Sarachchandra was at the Denison University from February 1966 till December 1966. From January 1967 to March 1967, he was at Earlham College Richmond, Indiana. He was supposed to teach and conduct seminars on various subject and expertise he possessed including Buddhism, Hindu Philosophy, Indian Aesthetic Theory, Asian and Sri Lankan folk theatre and especially Indian classical music. The Fulbright-Hays document, to my surprise, refers to ‘demonstration on Sitar’. I wondered how he had brought his Sitar all the way from Sri Lanka. Denisonians must have benefited from his knowledge of aesthetic theories of Bharatha and other commentators. Sarachchandra did not visit Denison empty handed. As this Fulbright document says, for his lectures, he used slides and photos of Sri Lankan theatre and dance dramas, his own sound recordings that he had collected during his own personal visits to various parts of Sri Lanka.

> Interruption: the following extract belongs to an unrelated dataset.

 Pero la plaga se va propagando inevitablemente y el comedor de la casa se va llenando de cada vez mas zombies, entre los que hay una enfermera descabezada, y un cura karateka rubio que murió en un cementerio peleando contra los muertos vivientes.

I walked down to my resident hall, thinking how Sarachchandra must have been walking in these Denison trails, before me, talking to students and academics he had met in lecturer theatres, dining halls, and at his residence. I was thinking how the sound of his sitar must have echoed through the Denison theatre spaces, sometimes playing under leafy trees, surrounded by his followers and admirers bringing North Indian Classical music to an unknown world of listeners lived in Granville, Ohio. The Sri Lankan traditional masks he brought to Denison would have been an exotic treasure for Denisonians, slides consisted of ritual practices, dance, dramas, and audio recordings of numerous Sri Lankan rituals and folk songs would have been played and discussed over and over again at lecture theatres here. Now, I realise that I have not started this journey alone. My destiny has brought me here to realize this truth of my ancestral heritage. I remember that Eugenio Barba once said that ‘in my family of professional ethos there are no parents. There is an older brother, Jurek Jerzy Grotowski, Many uncles and relatives […] Ahead of them all, the two grandfathers: Stanislavski and Meyerhold’ (Barba 2003). I began to contemplate how I have lost the connection with my grandfather who has left his wealth behind unnoticed to me and to my siblings.

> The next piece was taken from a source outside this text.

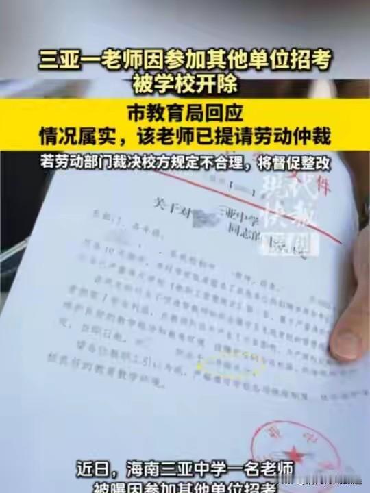 “三亚一位刚入职仅两个月的老师,因为参加其他单位的招考,竟然被所在学校开除了!”

We had many workshops, seminars, and discussions not only at Denison. We also went to both Wooster and Kenyon colleges in the same region. It was a two-hour drive to Kenyon, which is similar to Denison; it is also a liberal arts University located in a remote country side. At Kenyon, I delivered a lecture on Sri Lankan film industry with special reference to the third wave of Sri Lankan cinema. The lecture was organized and facilitated by a Sri Lankan scholar working at the Dept. of English, Assistant Prof. Kathleen Fernando. Kathleen resided with her husband, a physicist, in a beautiful country house located in the corner of the 10 acres of the University land. Her husband was a friendly person who loved Sri Lankan cricket and pop music. Kathleen treated us with a Sri Lankan meal, basmati rice and many dishes. We in return entertained them with dancing and singing.

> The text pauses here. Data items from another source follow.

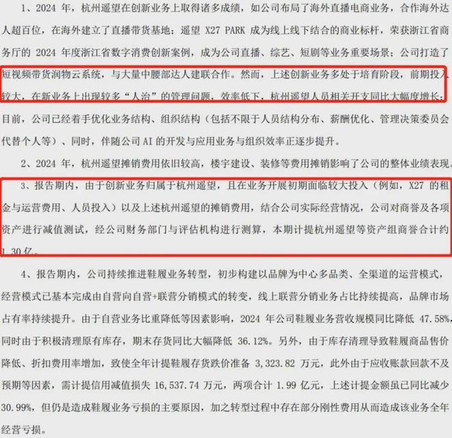 在2024年财报中,遥望科技已经详细总结了公司亏损的原因,除了已基本剥离的原女鞋主业还在拖累外,多和企业所谓的创新相关。遥望科技指出,相关创新业务多处于培育阶段,前期投入较大,在新业务上出现较多“人治”的管理问题,效率低下,杭州遥望人员相关开支同比大幅度增长。
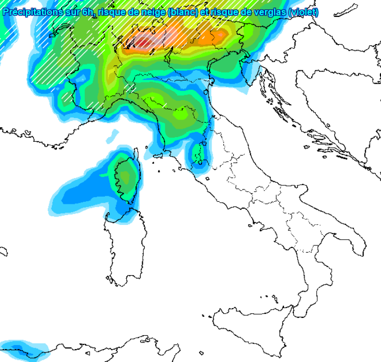 Ed ecco le conseguenze sul piano precipitativo nelle ore notturne tra sabato e domenica e nella prima mattinata, dove si notano le fitte nevicate sulle Alpi sin sotto i 1000m e i temporali probabili sulla Valpadana in movimento da ovest verso est:
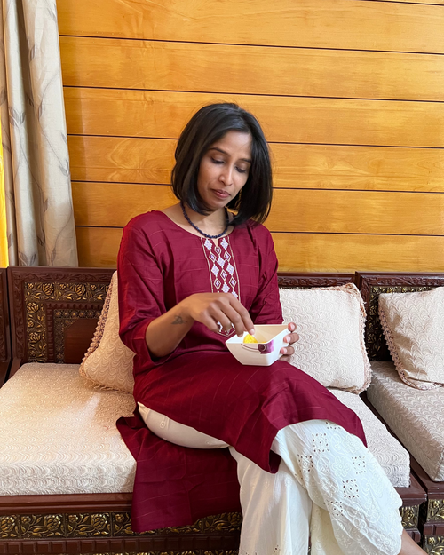 Embroidered Maroon Rayon-Silk Kurti with Paisley Detailing
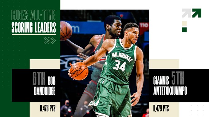 字母哥雄鹿生涯得分超越丹德里奇,升至队史第5

Our final collaborative performance with Denison students was only a few days away. All my colleagues were still rehearsing at the theatre, preparing and doing final refinements to the pieces that we were developing for two weeks. I left a bit early to prepare a Sri Lankan meal for them. My colleagues, Prof. Sandra, Prof. Cheryl, Randy (Prof. Sandra’s husband), who drove me around throughout my stay at Denison, Prof. Ron Abraham, Prof. Lee and Prof. Christopher were to come for dinner that night.
The following morning, a Viber call woke me up. Several terrorist attacks had been carried out in some five-star hotels and prominent churches, killing hundreds of people who were celebrating Easter Sunday in Sri Lanka. Sarachchandra proved that theatre artistes and academics had a difficult world and a challenging journey ahead.
(The author of this paper wishes to pay his gratitude to Emeritus Professor John Cort, Denison University Granville, Ohio USA who provided useful archived material.)